Horse racing provides a good metaphor for this distinction. There are two issues: how well the horse will likely run—to figure out the fundamentals you’d look at the horse’s record, the stable it came from, the jockey, the track conditions, etc.—and the expectations, which show up as the odds posted on the board.
Evidence shows that horse racing is a pretty efficient market. To quote a study by Professor Ray Sauer on the topic, “prices set in these markets, to a first approximation, are efficient forecasts of outcomes.”
A contrarian investor focuses not only on the general sentiment, but more importantly on how that sentiment can lead to disconnects between fundamentals and expectations.
To continue with the horseracing theme, I’d like to read a quotation from Steven Crist, now Chairman of the Daily Racing Form and for many years the The New York Times Company (NYSE:NYT ) reporter covering horse racing. Crist contributed a chapter to a book called Bet with the Best. Crist’s 13-page chapter “Crist on Value” is fabulous reading and stacks right up against Warren Buffett and Ben Graham.
Here’s Crist’s comment, and please mentally strike out “horse” and insert “stock”: 2
The issue is not which horse in the race is the most likely winner, but which horse or horses are offering odds that exceed their actual chances of victory. This may sound elementary, and many players may think that they are following this principle, but few actually do. Under this mindset, everything but the odds fades from view. There is no such thing as “liking” a horse to win a race, only an attractive discrepancy between his chances and his price. (Emphasis added.)
The successful hedge fund manager, Michael Steinhardt. shared a very similar view in his 2001 autobiography: 3
I defined variant perception as holding a well-founded view that was meaningfully different than the market consensus. Understanding market expectation was at least as important as, and often different from, the fundamental knowledge. (Emphasis added.)
Now ask yourself, very honestly, how clearly do you distinguish between fundamentals and expectations? If you’re like most people, not very clearly.
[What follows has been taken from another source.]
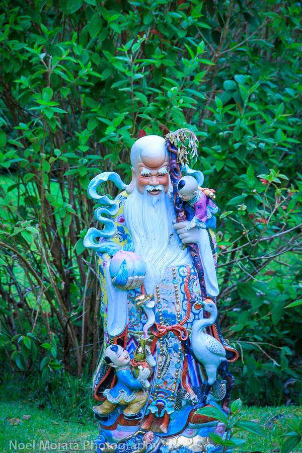 One last Buddha, greets us on the way back to the parking lot with another flower offering on his folded hands.

I quote a psychologist Robert Zajonc, who sums it up pretty well: 4
We sometimes delude ourselves that we proceed in a rational manner and weigh all of the pros and cons of various alternatives. But this is seldom the actual case. Quite often “I decided in favor of X” is no more than “I liked X”. We buy the cars we “like,” choose the jobs and houses we find “attractive,” and then justify these choices by various reasons.
Moreover, what we like is heavily influenced by what other people like. Successful contrarian investing isn’t about going against the grain per se, it’s about exploiting expectations gaps. If this assertion is true, it leads to an obvious question: how do these expectations gaps arise? Or, more basically, how and why are markets inefficient?
Michael Mauboussin The Rules of the Game
In his excellent book, Inefficient Markets. Harvard professor Andrei Shleifer summarizes the three arguments that underpin the efficient market hypothesis (EMH): 5
1. Investors are rational, and value securities rationally. This is the basis for so-called general equilibrium models.
2. Investors are not rational, but their errors are independent, and hence cancel out, leaving us with an “efficient solution.” And,
3. The no-arbitrage assumption—even if some investors are irrational, rational arbitrageurs swoop in and eliminate those inefficiencies.
The burgeoning behavioral finance field takes aim at the efficient market hypothesis, focusing its efforts on undermining number one, the rational agent model, and number three, the no-arbitrage assumption. By and large, though, behavioral finance dismisses the second alternative out-of-hand. We’ll come back to that in a moment.